PacifiCorp, which already operates the Leaning Jupiter I wind farm, south of Arlington, Ore., will be raising more turbines soon.

PacifiCorp plans to invest another $100 million to expand its existing wind generation in the hills near Dayton, Wash. as it pushes to meet newly enacted renewable energy mandates in Oregon and Washington.

PacifiCorp’s Marengo II wind farm will comprise 39 turbines with a capacity of 70.2 megawatts. The actual output of the facility is less than its nameplate capacity due to the intermittent nature of wind. The project will generate enough energy to power about 18,000 homes.

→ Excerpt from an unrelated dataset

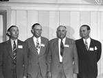 Image shows Texas Cotton Ginners Association is meeting for a two-day convention at the Hotel Texas. In a attendance are left to right, E. E. Richardson, Rhome, Texas; C. G. Emmons Senior, Keller, Texas; W. I. Bishop, Justin, Texas; and John C. Thompson, Dallas, Texas. Mr. Richardson, of Rhome, Texas, is wearing a suit with the jacket unbuttoned. Mr. Emmons is from Keller, Texas. He is dressed in a suit. Mr. Bishop, of Justin, Texas, is dressed in a pinstripe suit. Mr. Thompson is from Dallas, Texas. He is wearing a dark, double breasted suit with a pocket square. All four men are wearing name tags. Published in the Fort Worth Star-Telegram morning edition August 22, 1941.

Also Tuesday, the Bonneville Power Administration said it had reached a 20-year agreement to purchase 50 megawatts of capacity from PPM Energy’s Klondike III wind project near Wasco, Ore. The purchase will increase BPA’s renewable capacity by roughly 25 percent.

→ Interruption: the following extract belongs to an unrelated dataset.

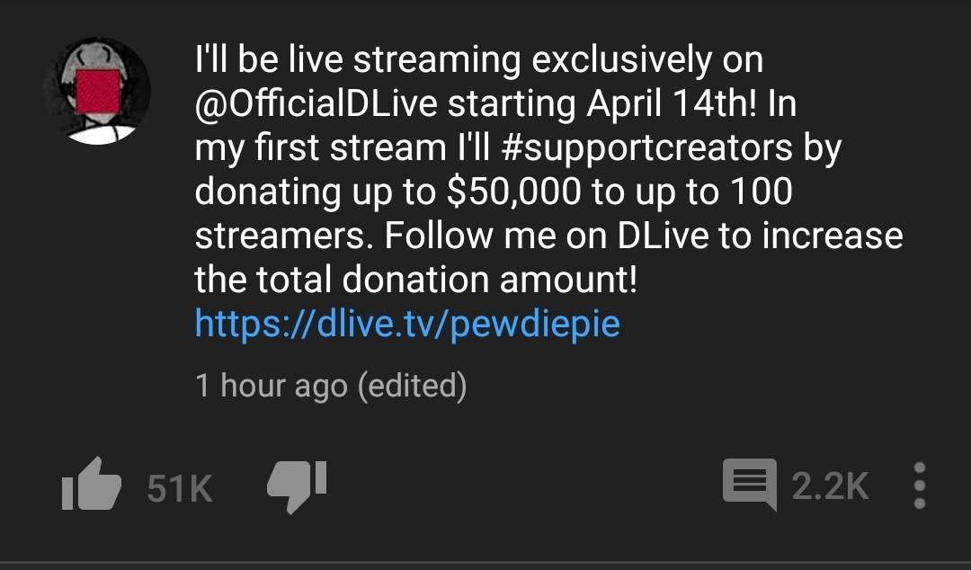 Still mad at dlive for exit scamming steemit? ... Feel the wrath because pewdiepie just joined dlive... This is huge.

A previous PacifiCorp project, the Marengo I wind farm, began commercial operation in August with 140.4 megawatts of capacity. That project came on top of its 100.5-megawatt Leaning Juniper 1 wind project near Arlington, Ore., which went into commercial operation last September. Besides Marengo II, PacifiCorp has also unveiled plans to build two new wind projects in Wyoming.

State lawmakers in Oregon passed a state renewable energy standard earlier this year that requires electric utilities to serve 25 percent of their retail demand from renewable sources by 2025, with interim targets in intervening years.

Wind power is currently cost competitive with energy generated from coal and natural gas, and Oregon’s two largest electric utilities, Pacificorp and Portland General Electric, are scrambling to get a head start on the state mandates.

Ted Sickinger; 503-221-8505

October 09, 2007

blog.oregonlive.com

This article is the work of the source indicated. Any opinions expressed in it are not necessarily those of National Wind Watch.

The copyright of this article resides with the author or publisher indicated. As part of its noncommercial educational effort to present the environmental, social, scientific, and economic issues of large-scale wind power development to a global audience seeking such information, National Wind Watch endeavors to observe “fair use” as provided for in section 107 of U.S. Copyright Law and similar “fair dealing” provisions of the copyright laws of other nations. Send requests to excerpt, general inquiries, and comments via e-mail.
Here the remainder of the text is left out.